#### TASK OBJECTIVE
Using the records that follow, reproduce exactly the lines starting at the line containing "caserecce pasta, sun" and ending at the line containing "Низ платья расширяется". Include both end lines and no pictures.

#### PROVIDED ENTRIES
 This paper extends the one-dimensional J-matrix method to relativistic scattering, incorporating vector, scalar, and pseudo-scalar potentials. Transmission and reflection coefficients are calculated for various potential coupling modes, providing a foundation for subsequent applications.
* * *
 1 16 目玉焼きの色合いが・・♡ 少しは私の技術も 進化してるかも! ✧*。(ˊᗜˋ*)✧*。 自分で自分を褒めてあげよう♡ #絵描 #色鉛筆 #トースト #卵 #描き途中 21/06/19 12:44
---
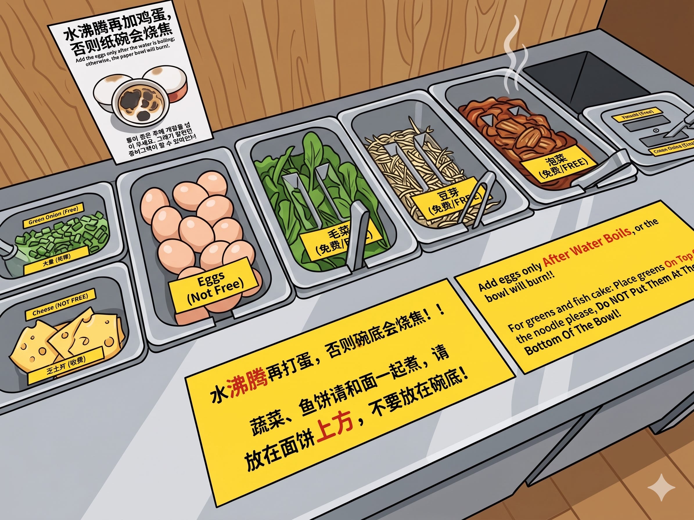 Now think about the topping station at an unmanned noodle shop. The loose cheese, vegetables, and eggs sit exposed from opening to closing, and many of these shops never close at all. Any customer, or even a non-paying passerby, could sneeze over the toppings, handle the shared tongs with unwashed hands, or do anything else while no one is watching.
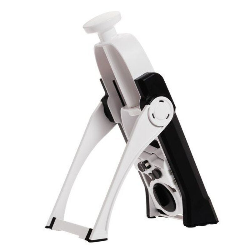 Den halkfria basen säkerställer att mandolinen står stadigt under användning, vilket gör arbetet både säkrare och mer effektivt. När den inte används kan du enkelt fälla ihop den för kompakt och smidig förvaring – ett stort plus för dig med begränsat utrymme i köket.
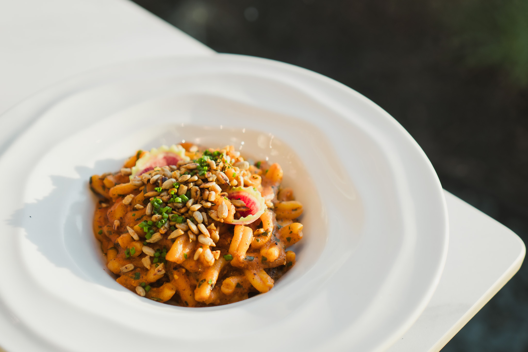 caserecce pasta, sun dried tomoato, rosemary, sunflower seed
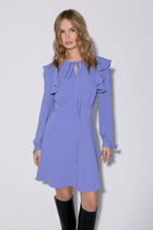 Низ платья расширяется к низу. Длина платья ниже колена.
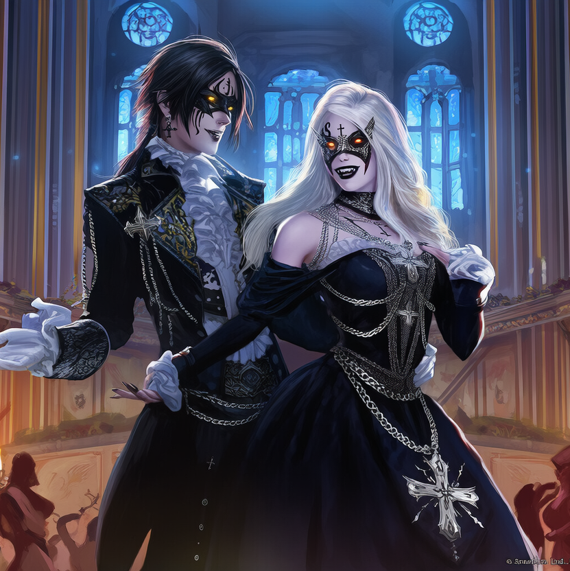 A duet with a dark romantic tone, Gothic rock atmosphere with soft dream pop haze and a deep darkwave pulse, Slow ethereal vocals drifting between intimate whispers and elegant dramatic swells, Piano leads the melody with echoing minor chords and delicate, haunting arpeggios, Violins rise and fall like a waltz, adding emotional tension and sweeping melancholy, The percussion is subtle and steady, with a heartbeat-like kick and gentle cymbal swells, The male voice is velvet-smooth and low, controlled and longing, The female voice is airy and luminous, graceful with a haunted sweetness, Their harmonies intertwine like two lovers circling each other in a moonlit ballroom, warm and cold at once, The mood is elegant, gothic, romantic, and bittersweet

#### THE ANSWER
 caserecce pasta, sun dried tomoato, rosemary, sunflower seed
 Низ платья расширяется к низу. Длина платья ниже колена.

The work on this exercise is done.